After suffering extensive damage in the terror attack a year ago, The Oberoi, a five-star luxury hotel announced on Saturday that it would reopen in the first quarter of 2010

Scaffolding, engineering trucks, plenty of construction material and workers wearing protective gear is the scene outside The Oberoi Hotel -- one of four targets that a band of terrorists attacked on the night of November 25, 2008.

After suffering extensive damage in the terror attack a year ago, The Oberoi, a five-star luxury hotel announced on Saturday that it would reopen in the first quarter of 2010. The hotel said they were completely renovating the hotel, which included installation of adequate security devices.

“The restoration of the hotel is making steady progress,” said an official spokesperson from the hotel.

The luxury hotel was almost entirely gutted when a terrorist duo entered its premises and began their killing spree. 31 people including 12 staff members died in the five-star hotel that hosts primarily business travellers. The stand-off between the gunmen and security forces lasted two days. In this time the Hotel’s lobby was completely destroyed by the shelling.

Though unwilling to comment on the financial extent of the damage, Rattan Keswani, president Trident Hotels, said that it would cost between Rs 40-50 crore to restore The Oberoi.

The Oberoi, which is the more luxurious of the two towers, had an extremely swanky lobby and two popular restaurants at the lobby level. After the hotel was secured, all that could be seen of the lobby was blackened walls, charred furniture, shattered glass and bullet hotels in the wide window panes that over looked the sea.

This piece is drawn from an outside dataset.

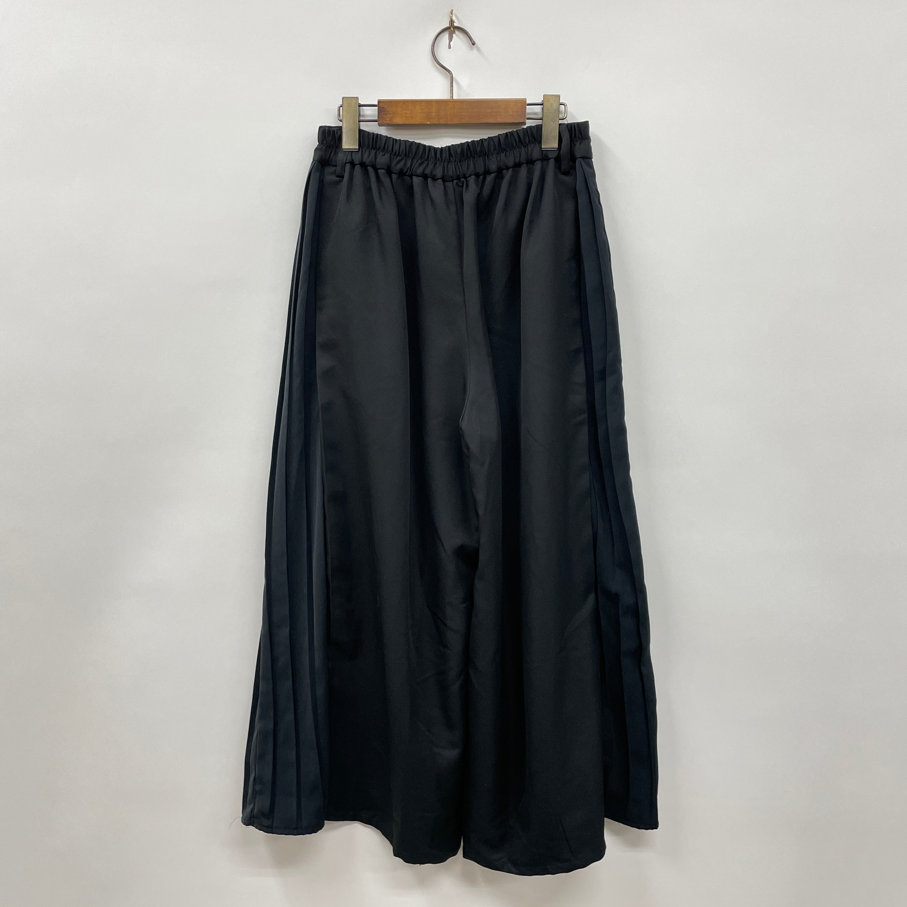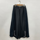 裾にアンティーク調な刺繍の入ったワイドパンツです。身頃の生地と、落ち感のある脇プリーツとが切り替わっていて、素材感の違いも楽しめるアイテムです。

The carnage according to witnesses and investigation took place primarily in the lobby and at the restaurants. However, several patrons and staff were also shot at point blank range by the terrorists after being herded to the higher floors in the hotel.

While the Trident Hotel was the access point for the terrorists, it was not as badly affected. This wing reopened to the public less than a month after the attack, on December 21, 2008 “with all its services, guestrooms, restaurants and banquet halls in pristine condition to welcome guests,” said the spokesperson.

Yet a big change in this hotel has been the fortress like entrance. Cars which could once drive up to the entrance have to deposit their passengers at the bottom of the drive way. The guests then pass through various detectors and checks before entering the hotel.

“It’s completely understandable for them to have these checks and I am sure guests would feel safer knowing these security systems are in place,” says Charles Murray, an investment banker and long stay guest in the hotel, who fortunately was travelling during the attack.

Murray came back from the United Kingdom with his family this year especially to stay in the hotel and show his support. “The hotel was a victim of a well planned attack. They would never do anything to jeopardise the safety of their guests,” he said.

As a tribute to those who lost their lives, the hotel has arranged on November 26, 2009, an all day programme where people who wish to come and light a candle can do so and pay homage to guests and staff who lost their lives.